:: Directions ::
Exactly the lines below starting at the line with "and working order." and ending at the line with "Quite an unusual" are wanted, with both ends included. Leave out the pictures and add no other lines.

:: Recorded data ::
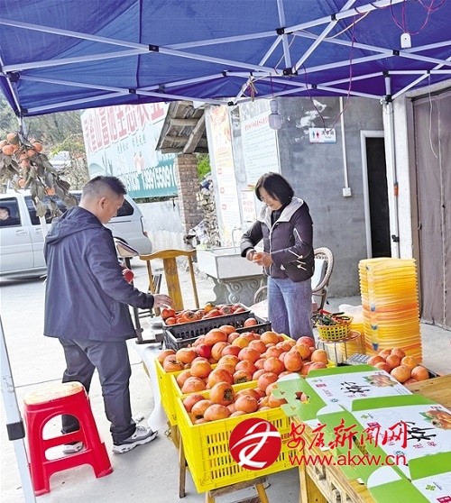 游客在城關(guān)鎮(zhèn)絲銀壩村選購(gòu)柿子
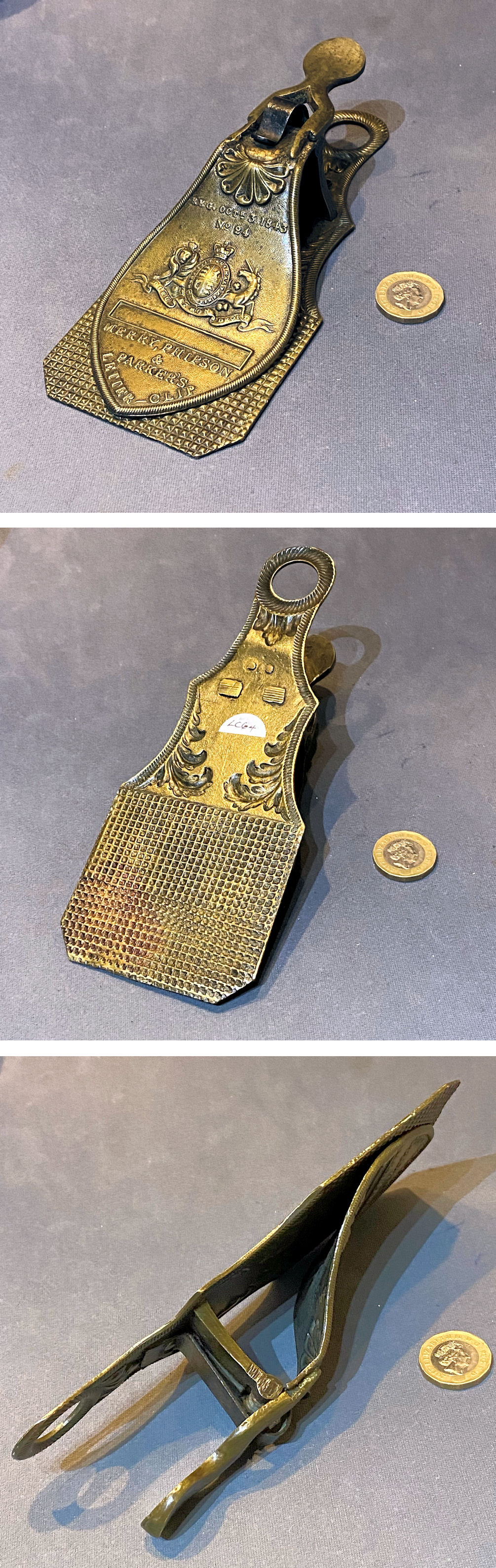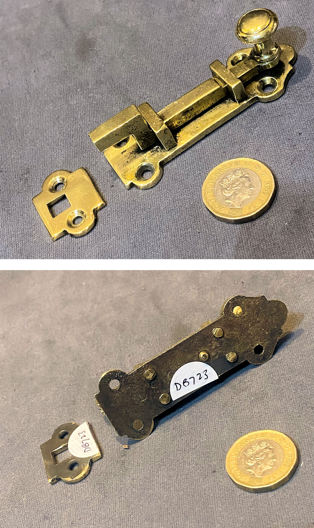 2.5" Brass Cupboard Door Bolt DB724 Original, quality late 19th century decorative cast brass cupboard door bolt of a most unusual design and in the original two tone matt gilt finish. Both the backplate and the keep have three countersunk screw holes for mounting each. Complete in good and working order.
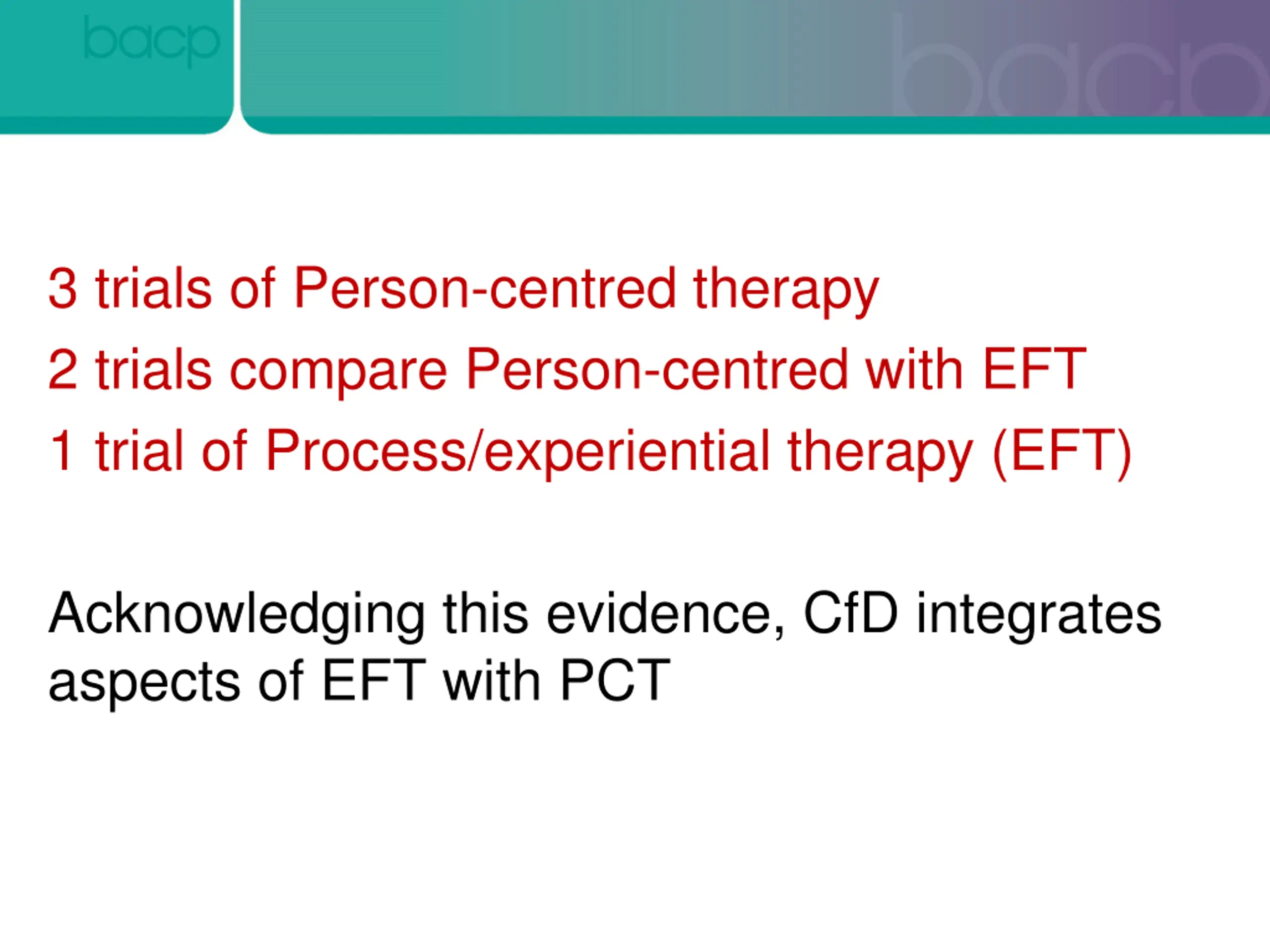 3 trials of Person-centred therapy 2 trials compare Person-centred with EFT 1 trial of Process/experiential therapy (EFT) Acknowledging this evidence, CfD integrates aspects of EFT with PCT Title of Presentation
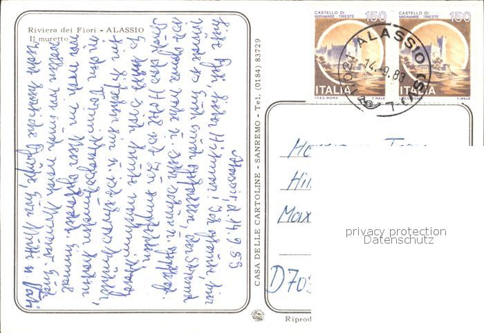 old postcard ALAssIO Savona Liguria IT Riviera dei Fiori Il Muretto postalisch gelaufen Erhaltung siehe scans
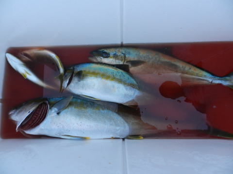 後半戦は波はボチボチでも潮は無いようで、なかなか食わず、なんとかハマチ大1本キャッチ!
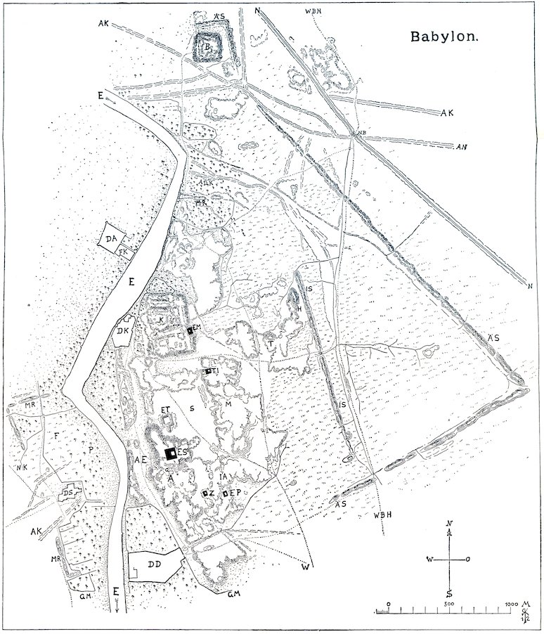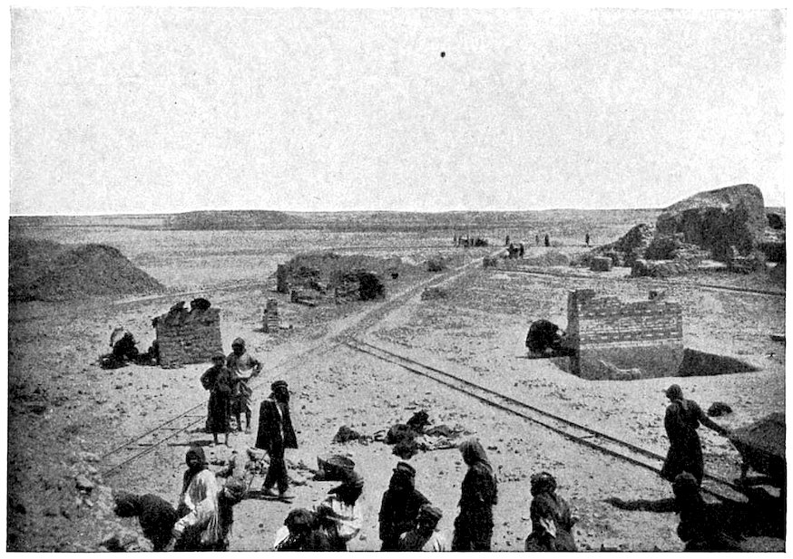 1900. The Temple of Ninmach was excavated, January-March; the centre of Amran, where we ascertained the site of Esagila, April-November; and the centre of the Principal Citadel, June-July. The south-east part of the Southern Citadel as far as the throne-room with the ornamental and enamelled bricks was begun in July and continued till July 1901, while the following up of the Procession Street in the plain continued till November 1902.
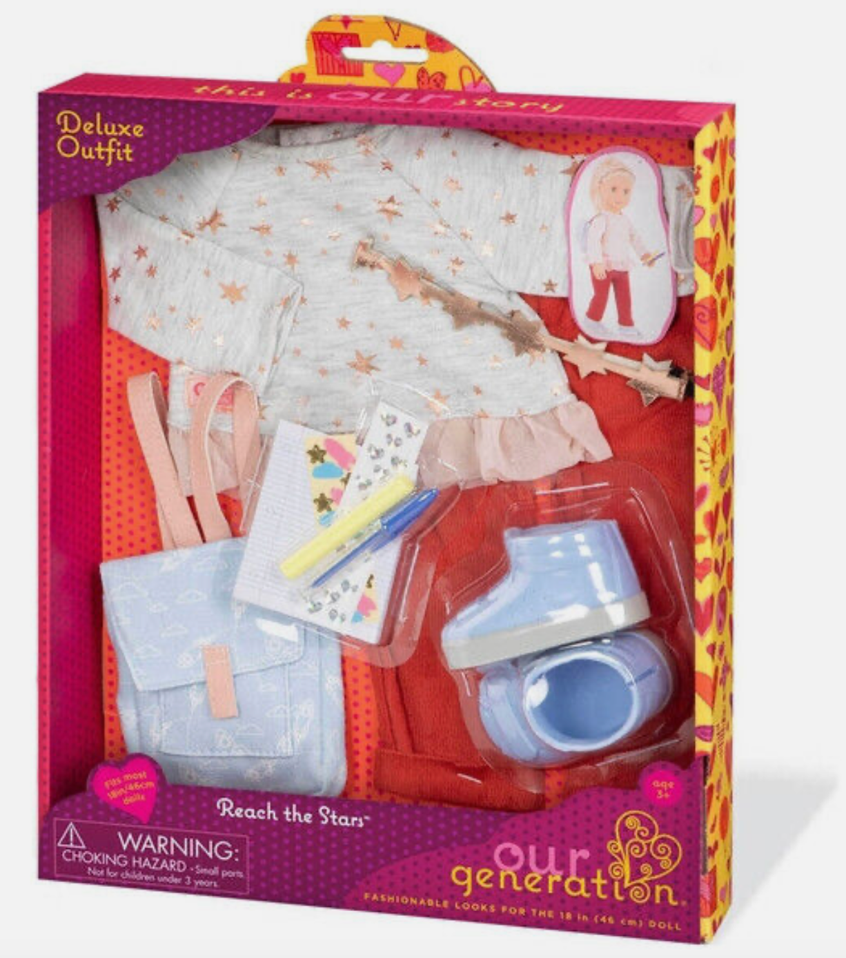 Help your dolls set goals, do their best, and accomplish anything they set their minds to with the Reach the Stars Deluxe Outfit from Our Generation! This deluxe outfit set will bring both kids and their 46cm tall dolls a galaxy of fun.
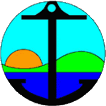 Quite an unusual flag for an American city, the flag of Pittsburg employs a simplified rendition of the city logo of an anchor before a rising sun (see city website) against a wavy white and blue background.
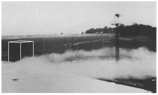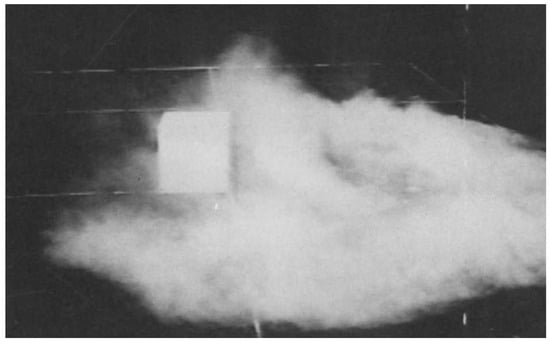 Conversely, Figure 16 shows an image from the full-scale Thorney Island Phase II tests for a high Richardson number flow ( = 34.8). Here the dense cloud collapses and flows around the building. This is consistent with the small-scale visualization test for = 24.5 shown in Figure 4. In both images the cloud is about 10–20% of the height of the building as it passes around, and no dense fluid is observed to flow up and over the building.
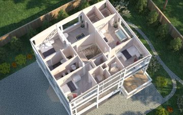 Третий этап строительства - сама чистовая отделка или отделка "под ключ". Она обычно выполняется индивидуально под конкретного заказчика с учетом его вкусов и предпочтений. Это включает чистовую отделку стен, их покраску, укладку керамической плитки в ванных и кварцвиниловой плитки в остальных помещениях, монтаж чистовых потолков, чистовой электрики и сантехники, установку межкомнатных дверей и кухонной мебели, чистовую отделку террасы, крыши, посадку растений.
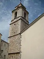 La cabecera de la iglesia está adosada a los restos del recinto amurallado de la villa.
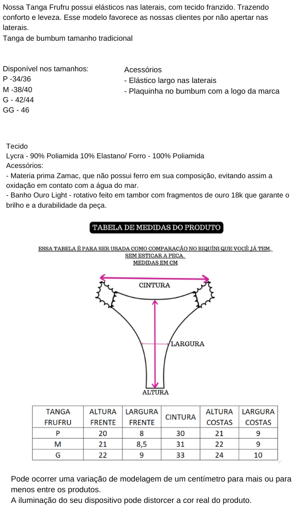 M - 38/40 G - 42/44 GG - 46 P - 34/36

:: Your response ::
 2.5" Brass Cupboard Door Bolt DB724 Original, quality late 19th century decorative cast brass cupboard door bolt of a most unusual design and in the original two tone matt gilt finish. Both the backplate and the keep have three countersunk screw holes for mounting each. Complete in good and working order.
 3 trials of Person-centred therapy 2 trials compare Person-centred with EFT 1 trial of Process/experiential therapy (EFT) Acknowledging this evidence, CfD integrates aspects of EFT with PCT Title of Presentation
 old postcard ALAssIO Savona Liguria IT Riviera dei Fiori Il Muretto postalisch gelaufen Erhaltung siehe scans
 後半戦は波はボチボチでも潮は無いようで、なかなか食わず、なんとかハマチ大1本キャッチ!
 1900. The Temple of Ninmach was excavated, January-March; the centre of Amran, where we ascertained the site of Esagila, April-November; and the centre of the Principal Citadel, June-July. The south-east part of the Southern Citadel as far as the throne-room with the ornamental and enamelled bricks was begun in July and continued till July 1901, while the following up of the Procession Street in the plain continued till November 1902.
 Help your dolls set goals, do their best, and accomplish anything they set their minds to with the Reach the Stars Deluxe Outfit from Our Generation! This deluxe outfit set will bring both kids and their 46cm tall dolls a galaxy of fun.
 Quite an unusual flag for an American city, the flag of Pittsburg employs a simplified rendition of the city logo of an anchor before a rising sun (see city website) against a wavy white and blue background.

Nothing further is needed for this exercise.